The following sections discuss the details of how our system performs these data validation checks and how our design choices address the challenges discussed in Section 1. Now, we acknowledge that these checks are not exhaustive, but our experience shows that they cover the vast majority of errors we have observed in production and so they provide a meaningful scope for the problem.

3 SINGLE-BATCH VALIDATION

Section Summary: This section explains how to detect errors in individual batches of data fed into machine learning pipelines, where each batch comes from a single run of code and should have consistent characteristics based on expert knowledge. To check this, the system uses a schema—a simple set of rules defining expected features like data types, ranges, and presence—that goes beyond basic formats to capture real-world meaning, such as distinguishing a person's age from a document's age. The validator compares batch statistics against the schema to flag anomalies early, alert teams, provide clear explanations, suggest updates for evolving data, and minimize false alarms through manual schema curation.

The first question we answer is: are there data errors within each new batch that is ingested by the pipeline?

We expect the data characteristics to remain stable within each batch, as the latter corresponds to a single run of the data-generation code. We also expect some characteristics to remain stable across several batches that are close in time, since it is uncommon to have frequent drastic changes to the data-generation code. For these reasons, we consider any deviation within a batch from the expected data characteristics, given expert domain knowledge, as an anomaly.

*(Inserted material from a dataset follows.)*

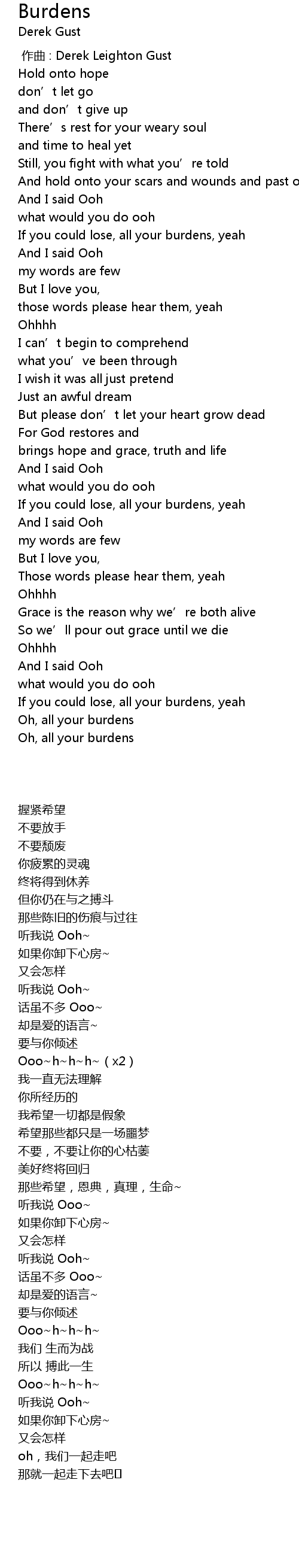 | Song | Burdens |

In order to codify these expected data characteristics, our system generalizes the traditional notion of a schema from database systems. The schema acts as a logical model of the data and attempts to capture some of the semantics that are lost when the data are transformed to the format accepted by training algorithms, which is typically key-value lists. To illustrate this, consider a training example with a key-value ("age", 150). If this feature corresponds to the age of a person in years then clearly there is an error. If, however, the feature corresponds to the age of a document in days then the value can be perfectly valid. The schema can codify our expectations for "age" and provide a reliable mechanism to check for errors.

Figure 2 shows the schema formalism used by our data validation system, defined as a protocol buffer message (pro, 2017). (We use the protocol-buffer representation as it corresponds to our implementation and is also easy to follow.) The schema follows a logical data model where each training or serving example is a collection of features, with each feature having several constraints attached to it. This flat model has an obvious mapping to the flat data formats used by popular ML frameworks, e.g., tensorflow.Example or CSV. We have also extended the schema to cover structured examples (e.g., JSON objects or protocol buffers) but we do not discuss this capability in this paper.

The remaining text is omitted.